Re: Partial aggregates pushdown

Поиск
Список
Период
Сортировка
От Alexander Pyhalov
Тема Re: Partial aggregates pushdown
Дата
Msg-id 37c9d93c2dca786f534639136d1da8f3@postgrespro.ru
обсуждение исходный текст
Ответ на RE: Partial aggregates pushdown  ("Fujii.Yuki@df.MitsubishiElectric.co.jp" <Fujii.Yuki@df.MitsubishiElectric.co.jp>)
Список pgsql-hackers
Fujii.Yuki@df.MitsubishiElectric.co.jp писал 2023-09-25 06:18:
> Hi Mr.Bruce, Mr.Pyhalov, Mr.Finnerty, hackers.
> 
> Thank you for your valuable comments. I sincerely apologize for the
> very late reply.
> Here is a response to your comments or a fix to the patch.
> 
> Tuesday, August 8, 2023 at 3:31 Bruce Momjian
>> > I have modified the program except for the point "if the version of the remote server is less than PG17".
>> > Instead, we have addressed the following.
>> > "If check_partial_aggregate_support is true and the remote server version is older than the local server
>> > version, postgres_fdw does not assume that the partial aggregate function is on the remote server unless
>> > the partial aggregate function and the aggregate function match."
>> > The reason for this is to maintain compatibility with any aggregate function that does not support partial
>> > aggregate in one version of V1 (V1 is PG17 or higher), even if the next version supports partial aggregate.
>> > For example, string_agg does not support partial aggregation in PG15, but it will support partial aggregation
>> > in PG16.
>> 
>> Just to clarify, I think you are saying:
>> 
>>         If check_partial_aggregate_support is true and the remote 
>> server
>>         version is older than the local server version, postgres_fdw
>>         checks if the partial aggregate function exists on the remote
>>         server during planning and only uses it if it does.
>> 
>> I tried to phrase it in a positive way, and mentioned the plan time
>> distinction.  Also, I am sorry I was away for most of July and am just
>> getting to this.
> Thanks for your comment.

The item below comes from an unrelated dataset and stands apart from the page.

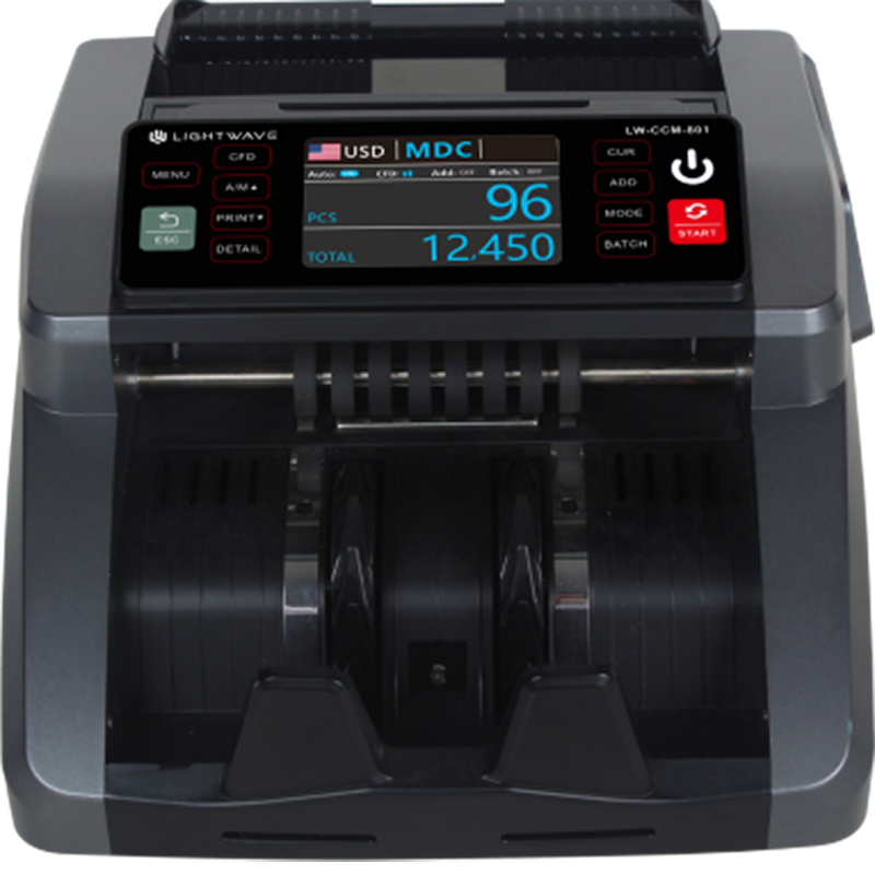 - Lightwave LW-CCM-801 Cash Counting Machine with comprehensive counterfeit detection technology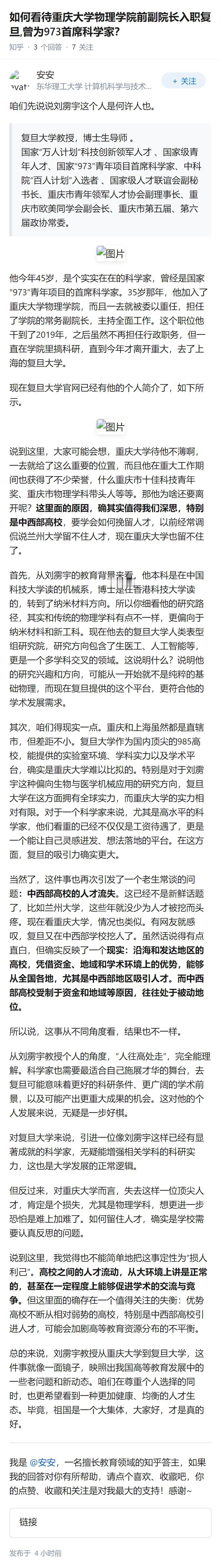 如何看待重庆大学物理学院前副院长入职复旦,曾为973首席科学家?

In the documentation, the description of
> check_partial_aggregate_support is as follows
> (please see postgres-fdw.sgml).
> --
> check_partial_aggregate_support (boolean)
> Only if this option is true, during query planning, postgres_fdw
> connects to the remote server and check if the remote server version
> is older than the local server version. If so, postgres_fdw assumes
> that for each built-in aggregate function, the partial aggregate
> function is not defined on the remote server unless the partial
> aggregate function and the aggregate function match. The default is
> false.
> --
> 
> Thursday, 20 July 2023 19:23 Alexander Pyhalov 
> <a.pyhalov@postgrespro.ru>:
>> Fujii.Yuki@df.MitsubishiElectric.co.jp писал 2023-07-19 03:43:
>> > Hi Mr.Pyhalov, hackers.
>> 
>> > 3)
>> > I modified the patch to safely do a partial aggregate pushdown for
>> > queries which contain having clauses.
>> >
>> 
>> Hi.
>> Sorry, but I don't see how it could work.
> We apologize for any inconvenience caused.
> Thanks to Pyhalov's and Jim's comments, I have realized that I have
> made a fundamental mistake regarding the pushdown of the HAVING clause
> and the difficulty of achieving it performing Partial aggregate
> pushdown.
> So, I removed the codes about pushdown of the HAVING clause performing
> Partial aggregate pushdown.
> 
> Thursday, 20 July 2023 19:23 Alexander Pyhalov 
> <a.pyhalov@postgrespro.ru>:
>> As for changes in planner.c (setGroupClausePartial()) I have several
>> questions.
>> 
>> 1) Why don't we add non_group_exprs to pathtarget->exprs when
>> partial_target->exprs is not set?
>> 
>> 2) We replace extra->partial_target->exprs with partial_target->exprs
>> after processing. Why are we sure that after this tleSortGroupRef is
>> correct?
> Response to 1)
> The code you pointed out was unnecessary. I have removed this code.
> Also, the process of adding PlaceHolderVar's expr to partial_target was 
> missing.
> So I fixed this.
> 
> Response to 2)
> The making procedures extra->groupClausePartial and 
> extra->partial_target
> in make_partial_grouping_target for this patch is as follows.
> STEP1. From grouping_target->exprs, extract Aggref, Var and
> Placeholdervar that are not included in Aggref.
> STEP2. setGroupClausePartial sets the copy of original groupClause to
> extra->groupClausePartial
> and sets the copy of original partial_target to extra->partial_target.
> STEP3. setGroupClausePartial adds Var and Placeholdervar in STEP1 to
> partial_target.
> The sortgroupref of partial_target->sortgrouprefs to be added to value 
> is set to
> (the maximum value of the existing sortgroupref) + 1.
> setGroupClausePartial adds data sgc of sortgroupclause type where
> sgc->tlesortgroupref
> matches the sortgroupref to GroupClause.
> STEP4. add_new_columns_to_pathtarget adds STEP1's Aggref to 
> partial_target.
> 
> Due to STEP2, the list of tlesortgrouprefs set in
> extra->groupClausePartial is not duplicated.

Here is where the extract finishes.